And so, I can’t say that I was like completely against the invasion. I took a neutral, wait-and-see attitude....

Sort of what it’s turned into in the eyes of many people in the Middle East is a war of imperial conquest gone bad, done poorly. At least the Romans granted their captives citizenship and brought them into the fold and brought stability to the lands that they conquered.

And I think, in the Arab world – and this is a really disastrous thing, they basically view this is as, you know, the Americans came in and they destroyed an Arab country. And I don’t think they’ll ever forgive us for that.
The real question for Americans is whether the continued expenditure of American lives and treasure has any chance of succeeding. Why won't the "surge" work?

"Because there is not - even according to General Petraeus' own guidebook for fighting counterinsurgencies, they're not using soldiers, they're not using enough troops to accomplish their goals...But also, more fundamentally, I don't think that they can do this militarily. I don't think the fundamental problems in Iraq right now are military problems."
Obviously I am publishing this because he is saying what I already think is true. But he isn't saying it to please me. He is saying this because his reporting has led him to believe it. The People who disagree with him do not have similar reports from relatively disinterested reporters to back up their disagreements. They make assertions without facts or reporting to back up those assertions.

The failure in Iraq is in some ways similar to the failure in Viet Nam. first, the American military has been trained, equipped and staffed to fight a war against other armies. In both Viet Nam and in Iraq they have been sent in to conduct an occupation and counterinsurgency operations. Our leaders in both cases called it a war, but it mostly wasn't in viet Nam and it isn't today.

In both cases, our military has adapted as well as it could. But an occupation and counterinsurgency is more political than military. Our American leaders failed to recognize this, and failed completely to conduct the necessary political activities that could lead to success.

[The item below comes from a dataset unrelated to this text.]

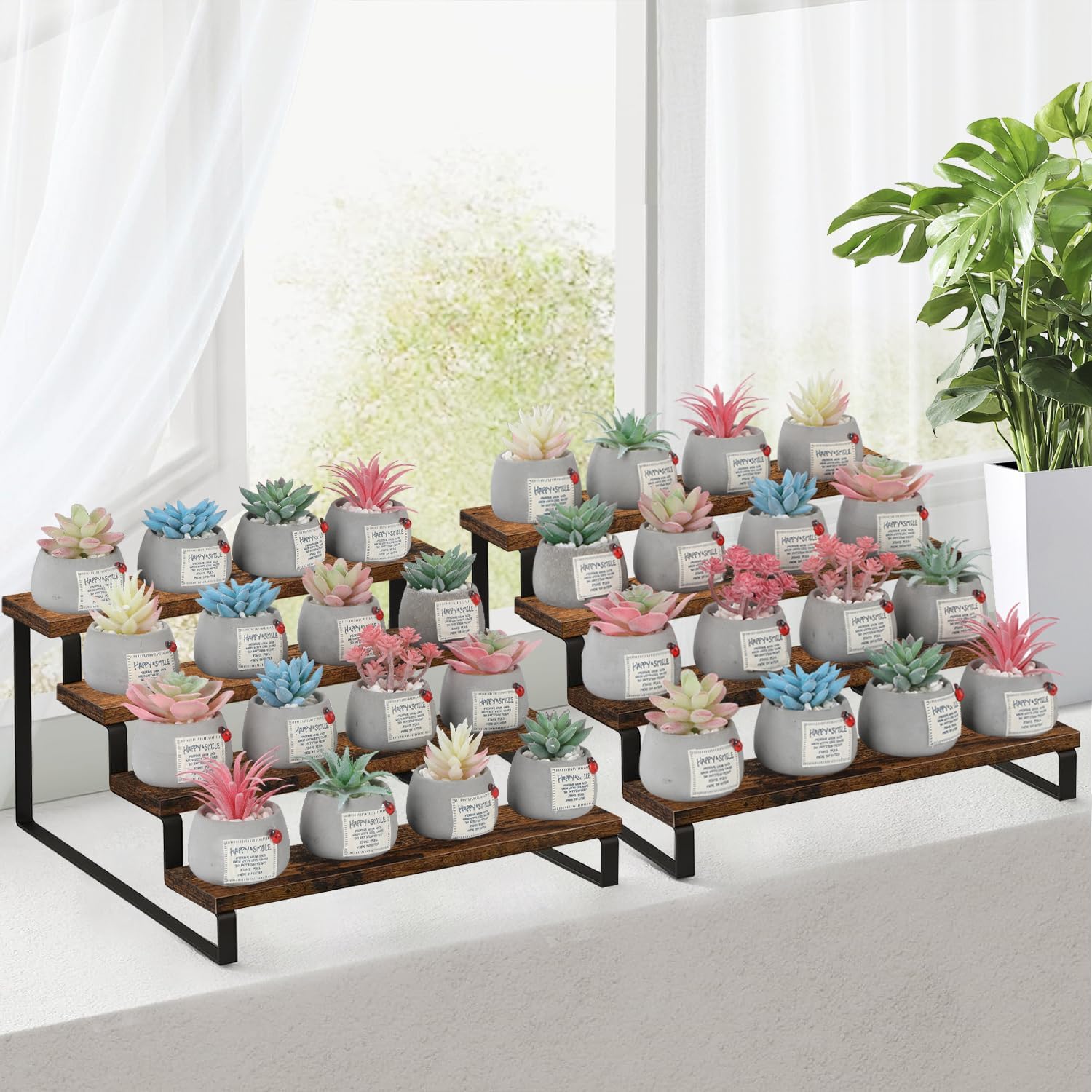 • Convenient Design: The stepped design makes efficient use of your counter space. This wooden display riser is a great idea for displaying toy figurines in cabinets, celebrating party desserts, and cosmetics on the dresser. The raised tiers help to create an eye-catching feature for your items.

They also failed to conduct the management activities required. There is today no real political conception of what it means for America to "win" in Iraq. Without such an idea, an image of what success would look like as it were, there is little or nothing that the large groups of people we have placed in Iraq to work to succeed.

A strategy is a desired end-state together with the resources and coordination needed to achieve that end-state. The desired end-state is known to be political in nature, and is similarly known to be unachievable through purely military means. Worse, the desired end-state requires the good-will and efforts of the people of Iraq and more broadly of the Arabic people. That good-will was lost by 2004, and by now cannot be regained in less than a generation at a minimum.

So to answer the question with which I titled this article, the Press has been reporting the Iraq War negatively because there is little or no possible positive outcome. There may be positive things happening in Iraq and the Middle East but they are irrelevant to any form of success that America could hang its hat on before leaving.

So all we will see is negative reporting, until somehow we get the positive news that our troops are leaving the killing sands of the Middle East desert. The answer is just that simple.